On the other hand, Lou did know what he was doing, and he was meticulous about getting the job done right. And if he’d been prowling around the dark side of the ‘Net, he had taken a pretty serious risk on her behalf. To refuse to look at what he’d dug up would be to disrespect his effort.

However, it didn’t mean she needed to take stupid chances. Carefully sitting Lou’s USB stick where she wouldn’t lose track of it, she retrieved one of her own and made a backup of everything on her laptop.

Only when she knew that all her data was backed up and the backup USB stick safely back in her bag did she finally mount Lou’s USB stick on her desktop. As she began to look through the folders, all neatly organized, she realized just how far Lou had gone for her.

Someone, somewhere, had gotten into a bunch of Chicago Police Department databases and dumped it somewhere on the darknet.

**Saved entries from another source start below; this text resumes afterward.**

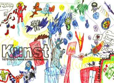 대전유성구지사의 동훈이는 KUNST TRAVEL 수업에서 미국에 대해 배워보고 작품으로 표현해보았습니다. 미국의 대표적인 패스트푸드인 맥도날드와 뉴욕의 리버티섬에 있는 자유의 여신상, 그리고 마블 영화의 캐릭터들 까지. 미국의 여러 상징을 만화적인 느낌으로 재해석하여 오밀조밀하게 잘 구성한 작품입니다. 대전유성구지사_유동훈(10세)
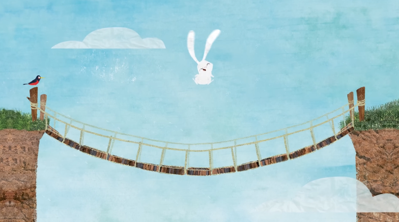 토끼는 다리의 한가운데로 가서 생각했어요. “봐, 이 다리는 위험하지 않아. 좋은 다리야.” 그걸 증명하려고 토끼는 위아래로 폴짝폴짝 뛰기 시작했죠. 그리고 더 세게 뛰었어요. 그리고 평생 한 번도 그렇게 세게 뛴 적이 없을 만큼 세게 뛰었죠.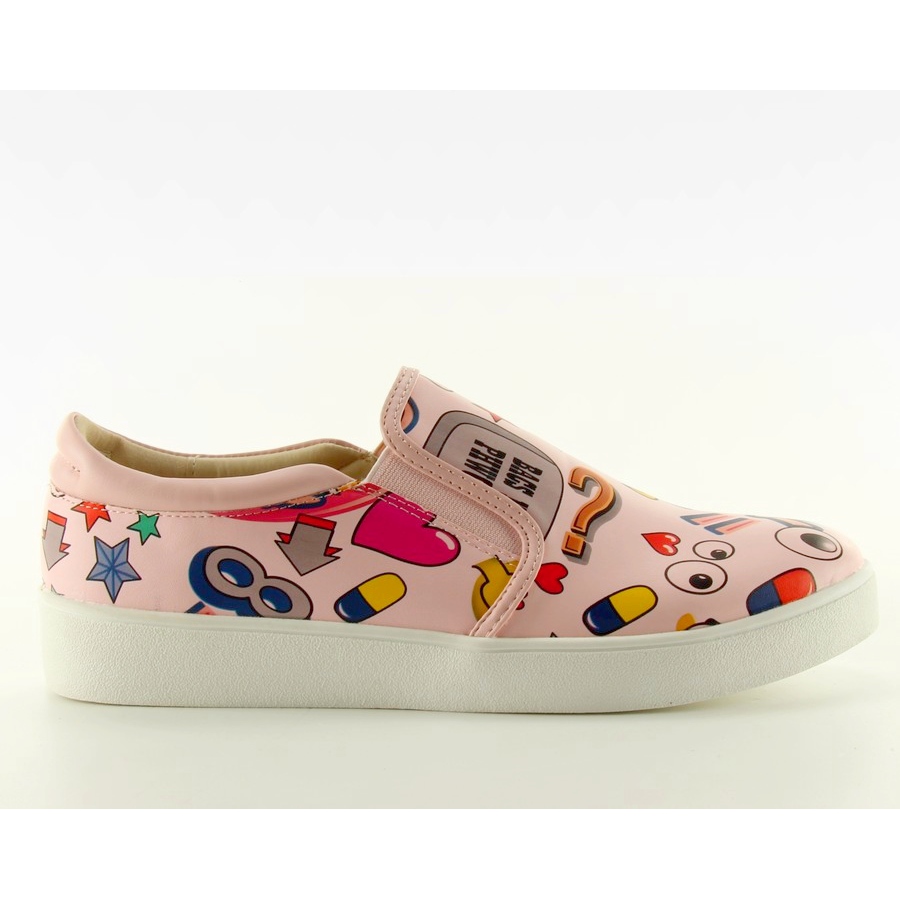 Comic Slipons 6120 Pink - a fresh, energetic accent for everyday styling. Pink slip-ons with a colorful, comic book pattern attract attention and add character to both sports and casual looks. Made of full-grain eco-leather, with a textile interior and a natural leather insert - a light and comfortable model for every day.
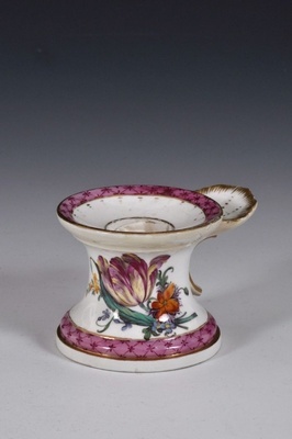 Über einem runden Fuß, der mit 2 Rillen geziert ist, erhebt sich ein zweiteiliger Schaft, der sich zunächst konisch verbreitert. Unter dem Kerzenhalter ist eine tiefe Einziehung geschnitzt. Der Kerzenhalter selbst hat eine zylindrischer Form, mit kleinem Teller am Rande.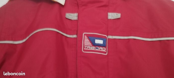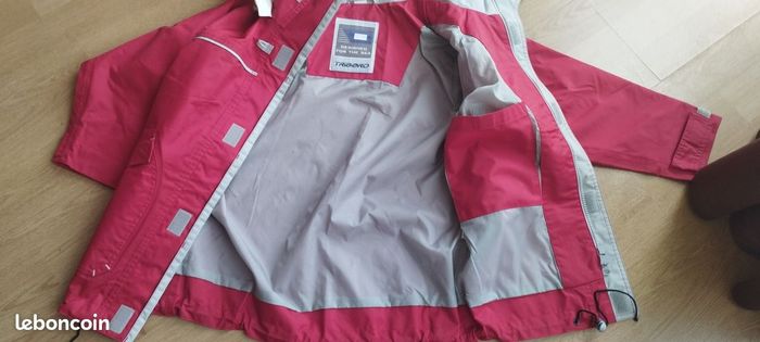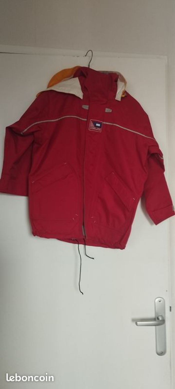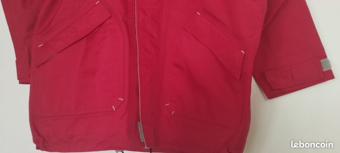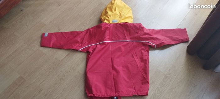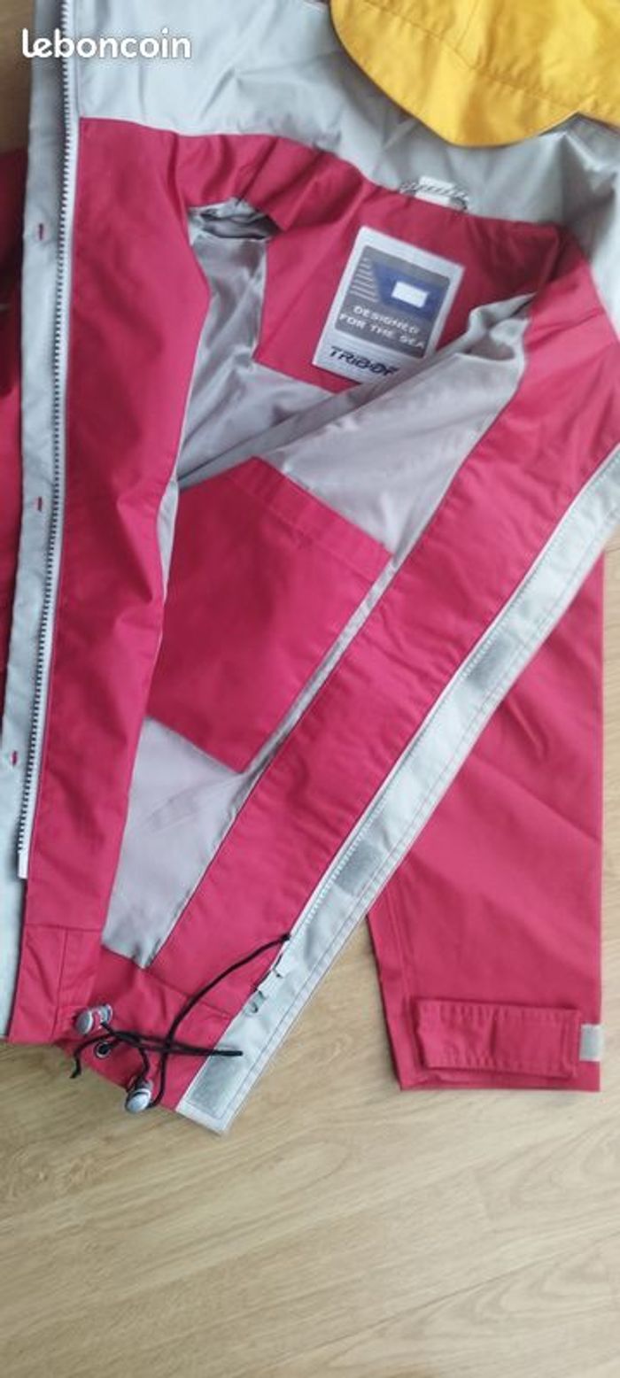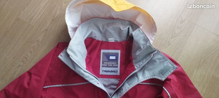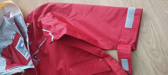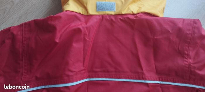 Veste imperméable coupe-vent, Pluie, pour enfants 6ans. Grand col montant plus une capuche visière. Fermeture du cou au bas de la veste par double fermeture : une fermeture éclair et autre par dessus en scratch. 3 poches: 2 grandes sur le devant et à l'intérieur fermées par scratch. Les bas des manches sont réglables : amples ou serrées par scratch. Logo Tribord sur le devant. En Polyamide. Longueur de la veste 59cm. Elle est de couleur Rouge foncé et sa capuche imperméable jaune. Elle est comme neuve !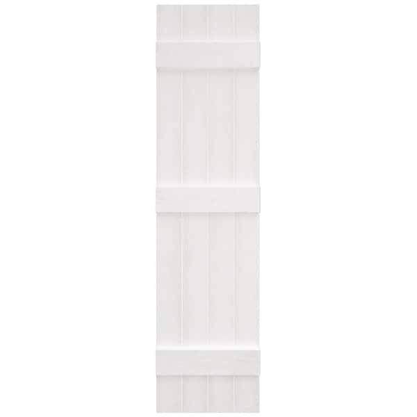 14 in. W x 80 in. H Vinyl Exterior Joined Board and Batten Shutters Pair in White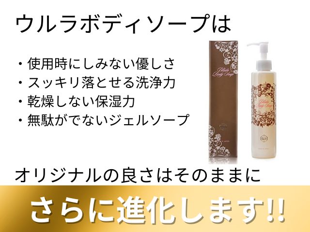 口コミで徐々に広がった商品は、私が50才になり、緊計30万個以上(2022年5月自社調べ)を販売するまでになりました。そのウルラボディソープを更に、パワーアップすべくリニューアルいたしました。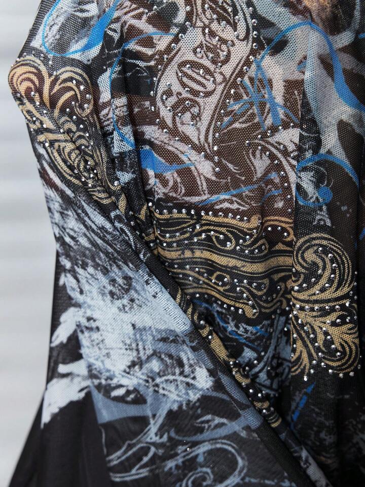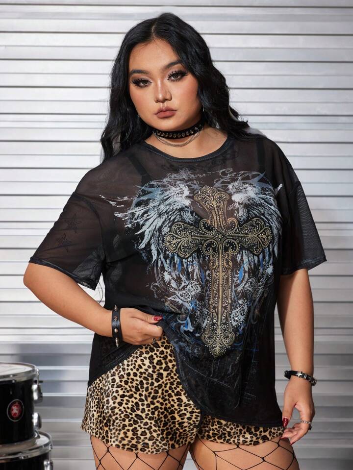 Grunge Punk Parte superior de malla transparente con bloqueo de colores, piedras rhinestone y estampado de cruz y vid para talla grande, ideal para verano

Some of this stuff was video straight from cop dash cams and body cams. There was no way in heck any law enforcement agency would ever allow it out in the wild uncut like this.

Not to mention the 911 audio files and transcripts. Some of them could easily have serious privacy issues, depending on exactly what was on them. However, she was pretty confident that she was looking at the facts behind the rumor Drew had heard about warlords in the sketchier parts of the south side of Chicago.

And that was just the first few folders she’d gone through. If she was right, at least some of it would relate to the situation over at Schirrasburg.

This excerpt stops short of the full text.